*** RAW DATA Section Begins ***

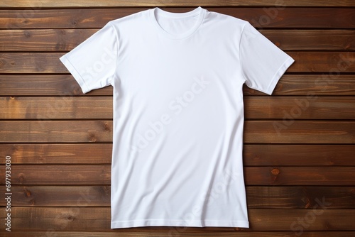 White t-shirt on wooden background, top view. Mockup for design
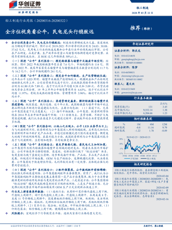【华创证券】【20200322】轻工制造行业周报:全方位视角看公牛,民电龙头行稳致远-15页
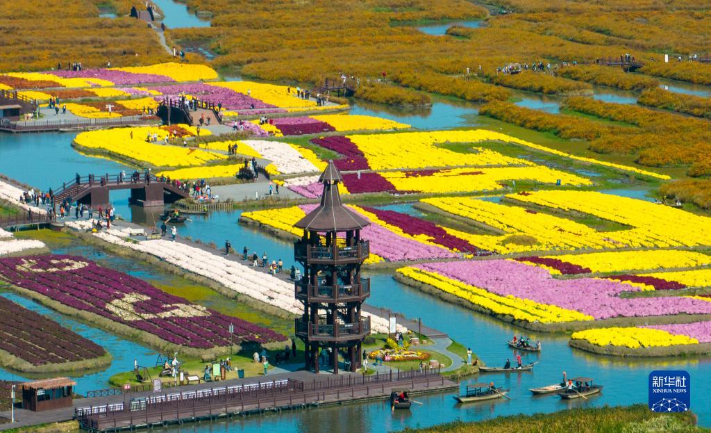 10月21日,游客在江蘇省興化市千垛景區賞菊游玩(無(wú)人機照片)。
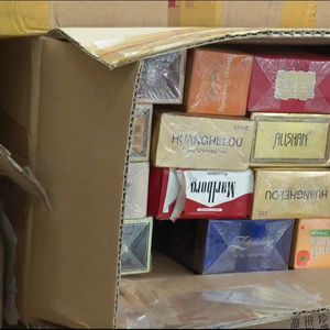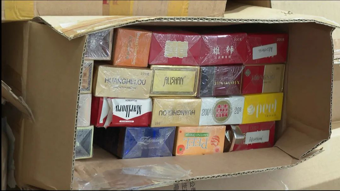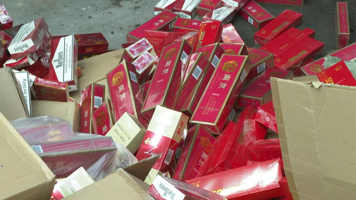一辆满载假烟、走私烟的卡车

*** RAW DATA Section Ends ***

YOUR OBJECTIVE. Reproduce every line above as written, skipping pictures.

EXERCISE RESPONSE.
 White t-shirt on wooden background, top view. Mockup for design
【华创证券】【20200322】轻工制造行业周报:全方位视角看公牛,民电龙头行稳致远-15页
 10月21日,游客在江蘇省興化市千垛景區賞菊游玩(無(wú)人機照片)。
一辆满载假烟、走私烟的卡车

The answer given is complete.